The Journal sold an average of 85,496 traditional print copies on weekdays between Oct. 1 and March 31, a decrease of 6,311 from the same period a year earlier, the Audit Bureau of Circulations reported Tuesday.
The Journal said its total average weekly circulation was 114,013 when “branded editions” are included, which would include its free ProjoExpress publication. The Audit Bureau changed its rules in 2011 to count those.
The Projo’s print circulation on Sundays - the most lucrative edition of the week for most papers – totaled 122,279 copies, a drop of 8,380 since the March 2011 report. Saturday circulation fell by 7,676 copies, from 116,811 to 109,135.
ProvidenceJournal.com had 868,693 unique visitors as of March 31, down from 1.2 million for the old Projo.com in the six months ended Sept. 30, the Audit Bureau said. That echoes other estimates showing traffic down by about a third.
A.H. Belo awarded CEO Robert Decherd $1.6 million last year, down 14% from $1.9 million in 2010, and up 222% from $499,180 in 2009, the filing said.
Decherd’s pay included a $480,000 salary, $899,997 in stock awards, a $168,474 cash bonus and $61,441 in other benefits. Decherd’s salary rose to $600,000 a year effective this month, a separate filing said.
The Dallas-based company awarded Executive Vice President James Moroney $1.1 million in 2011, down from $1.3 million in 2010; Chief Financial Officer Alison Engel $626,091, down from $800,001; Senior Vice President Daniel Blizzard $424,991, down from $575,000; and departing executive John McKeon $891,788, down from $1.3 million. The first three executives’ base salaries also increased this month.
A.H. Belo posted a net loss of $10.9 million in 2011, compared with a net loss of $124.2 million in 2010, as revenue fell 5% to $461.5 million. The company’s stock is down almost 3% this year based on Tuesday’s closing price of $4.62 a share, after declining 45% in 2011.

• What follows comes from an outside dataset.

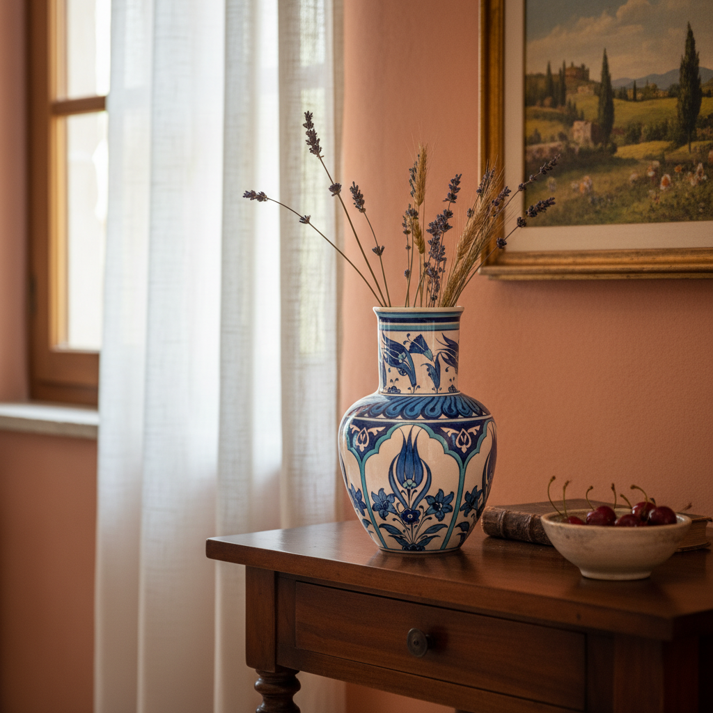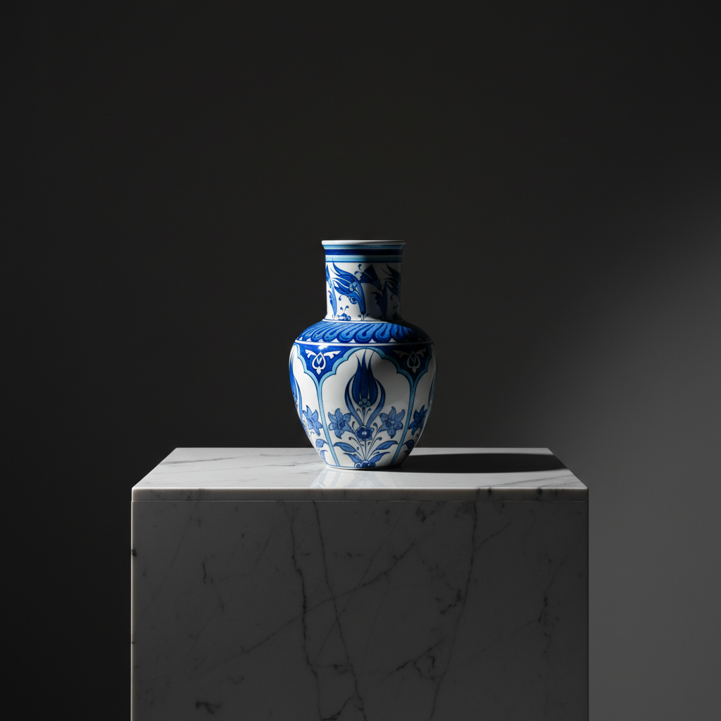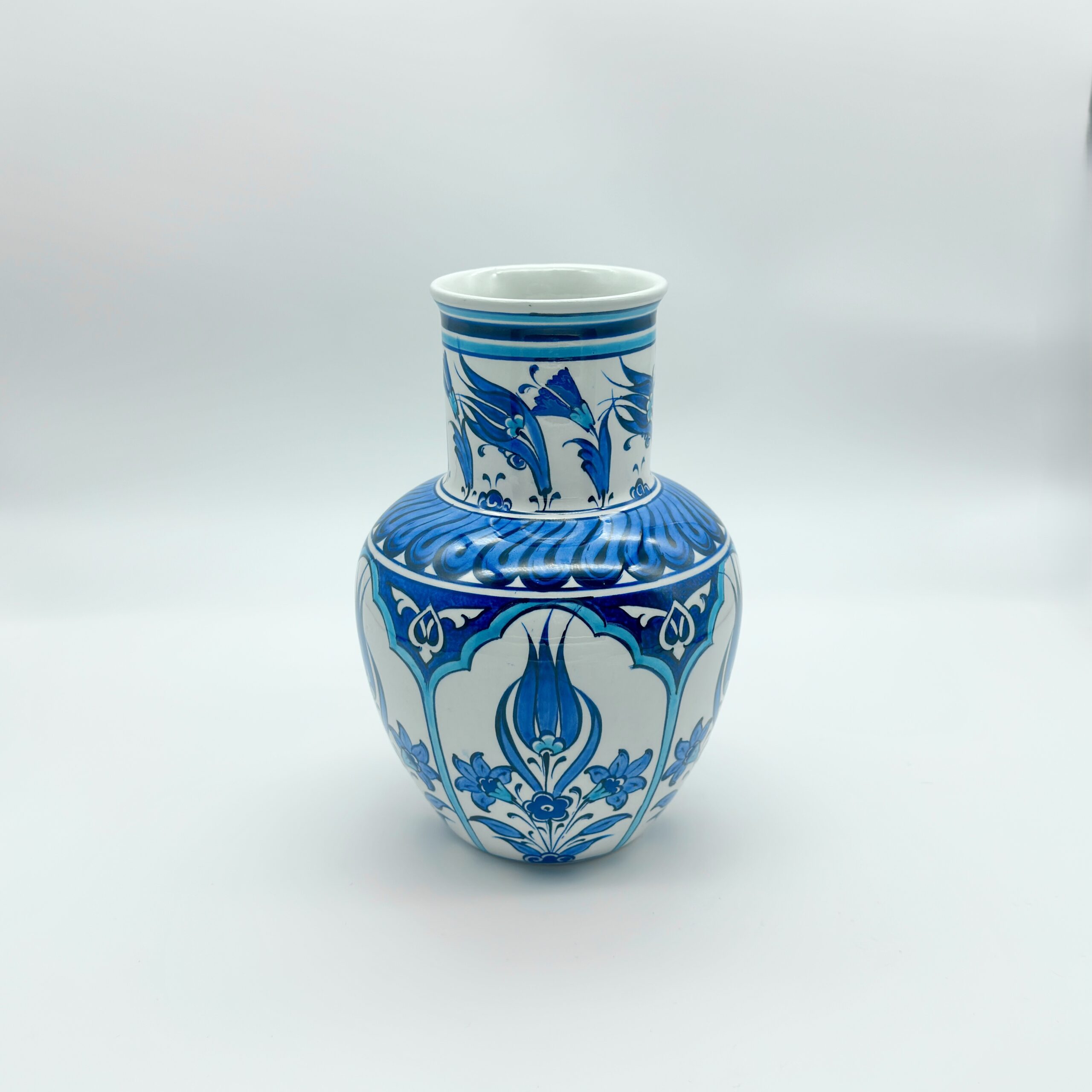 This Handmade Ceramic Vase reimagines the classic Iznik form in a pure “Blue and White” palette. Standing at 20 cm, it combines the structured elegance of the “Shoulder Vase” with the timeless beauty of monochrome painting.

• Related: Projo parent AH Belo’s board awards big raises to top bosses (March 20)
If you’re like me, you may be having a little trouble keeping straight all the twists and turns of the scandal engulfing the Institute for International Sport.
I mentioned Wednesday that the Hartford Courant has all its institute stories in one place. A Journal tipster reveals our paper of record now has a special page of its own with direct links to the full print versions of its staff’s institute stories (as opposed to the truncated blog posts), which is great news.

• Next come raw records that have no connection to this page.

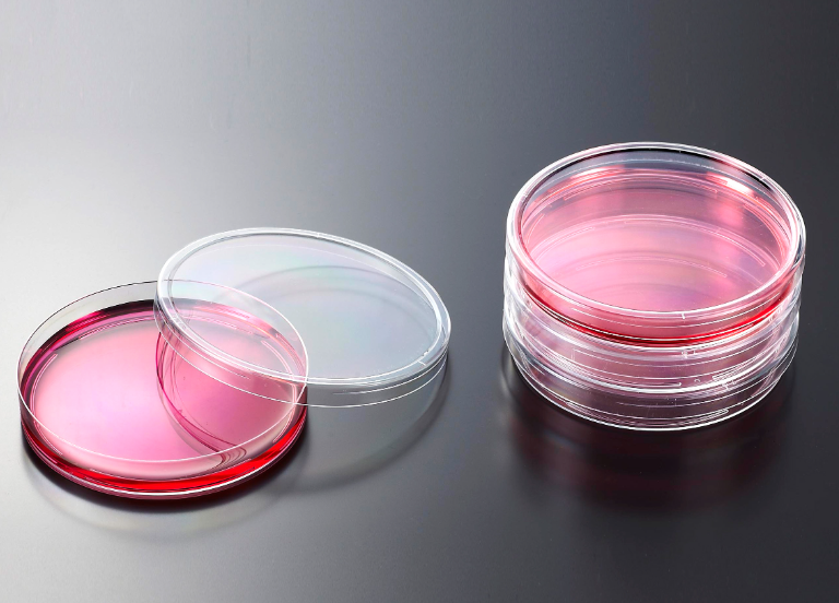 Placa de pétri descartável, fabricada em poliestireno, com tampa, estéril por feixe de elétrons, com base e tampa.
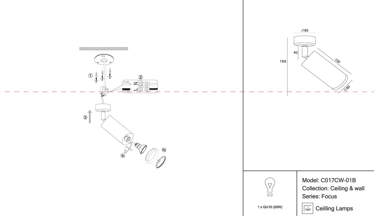 Спот потолочный черного цвета. Модель C017CW-01B, из коллекции Focus от немецкого производителя Maytoni. Светильник состоит из 1 плафонов, форма которых цилиндр, и выполнены они из металла, корпус светильника изготовлен из из алюминия.  Производитель рекомендует приобретать для светильника лампочки Галогеновая с цоколем GU10 мощностью 50W.
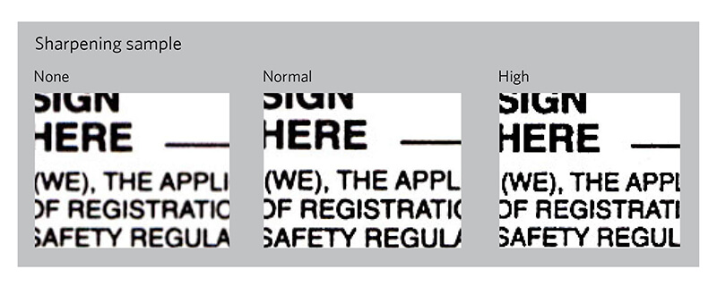 Nitidez: aumentando o contraste dos contornos em uma imagem, a nitidez automática deixa os objetos na imagem mais vivos. Isso aprimora a aparência do documento melhorando as taxas de leitura OCR.
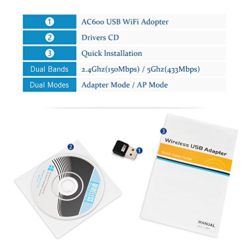 The AC600 WIFI Dual Band USB Adapter, with maximum speed up to 5GHz 433Mbps or 2.4GHz 150Mbps, delivers powerful wireless AC technology to your desktop or personal computer.Simply plug the adapter into an available USB port and connect to a wireless network to access a secure, high speed internet connection. It will provide better wireless performance with reducing WIFI interference to maximize the power for faster streaming, gaming and Skype calls.
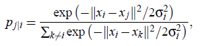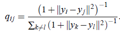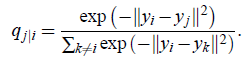 数据可视化一般将数据降维到低维空间,比如2D 3D空间。假设降维后数据点的高斯分布的方差为1/sqrt(2),则数据点yj与yi的相似度,也就是条件概率为:
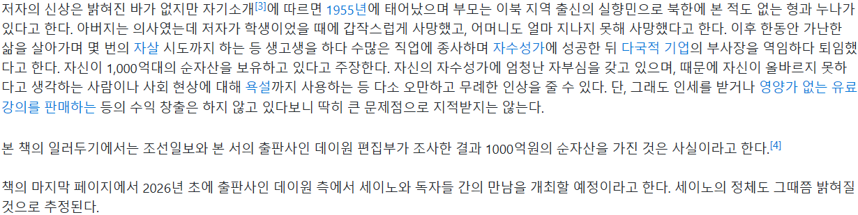 엄청 유명한 책이다. 세이노(SayNo, 한국인이다)라는 사람이 인터넷과 각종 저널에 올린 글들을 모은 책이다.
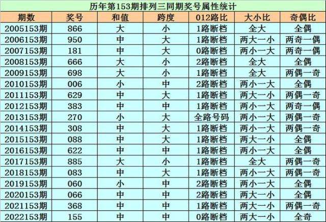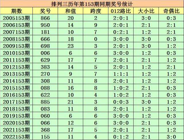 历史上第2023153期排列三已开出18期奖号了,历年同期奖号分别为:866、950、181、666、698、006、629、383、270、308、088、622、885、083、060、066、368、155,详细统计见下表:
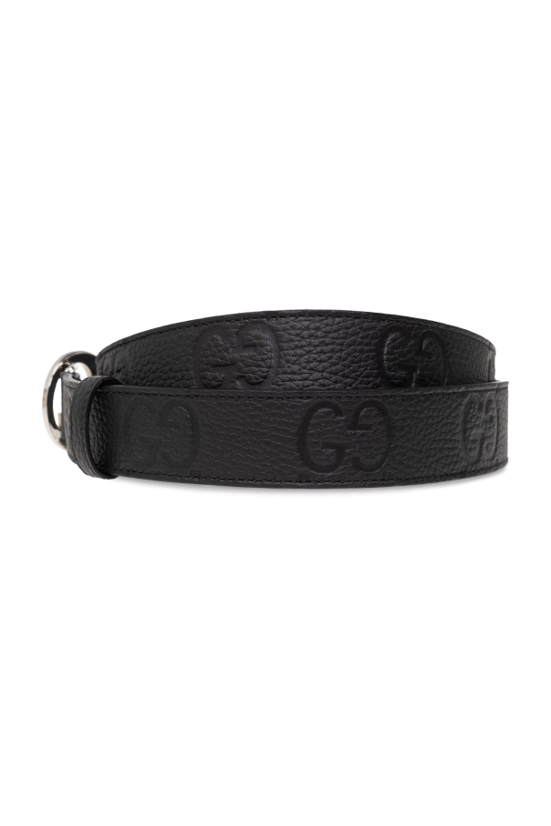 Gucci黑带。该单品采用粒面小牛皮制成,饰有字母图案和徽标形状的装饰性复古银色搭扣。
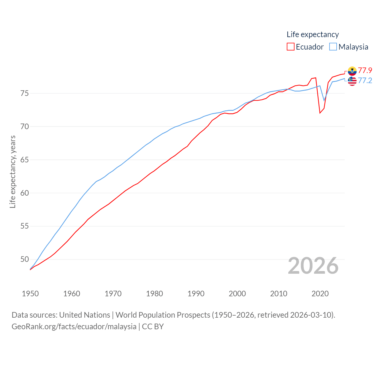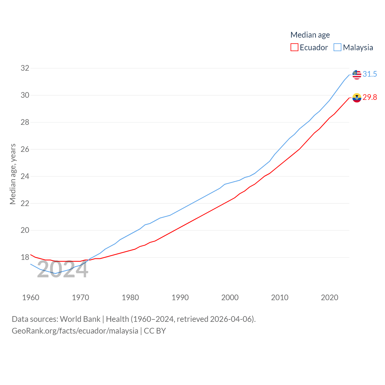 Ecuador has a population of 18.1M (ranked 71/197), compared with 35.6M in Malaysia (ranked 44/197). Ecuador's land area is 95,892 sq mi versus 126,854 sq mi for Malaysia (ranked 76th vs. 65th).

Check it out here - if you scroll down to the “Stories from The Journal” area you can get the institute stories that ran in the paper from Feb. 10 through March 12. This may be a sign of flexibility in Projo management’s back-to-print strategy, as well, though it doesn’t appear Google can spider the eEdition.
Top executives at The Providence Journal’s parent company, A.H. Belo, are getting big pay raises despite a 45% decline in the publisher’s stock price during 2011, the fourth straight year it lost money.
The compensation committee of A.H. Belo’s board of directors awarded the largest increase to CEO Robert Decherd. His annual base salary will jump 25% to $600,000 in April, the Dallas-based company said in an SEC filing. Decherd is chairman of the board.
In addition, A.H. Belo said Dallas Morning News publisher Jim Moroney’s base salary will increase 15.5% to $540,000; Chief Financial Officer Alison Engel’s will increase 8.3% to $325,000; and senior vice president Daniel Blizzard’s will increase 12% to $280,000. Their total compensation for 2011 will be reported later this spring.
John Hill, president of the Providence Newspaper Guild union, said the four executives “should be ashamed of themselves” for taking more money less than a year after laying off and buying out Journal staffers. The paper’s work force fell by a third between 2008 and 2011. The Guild signed a new contract in February 2011.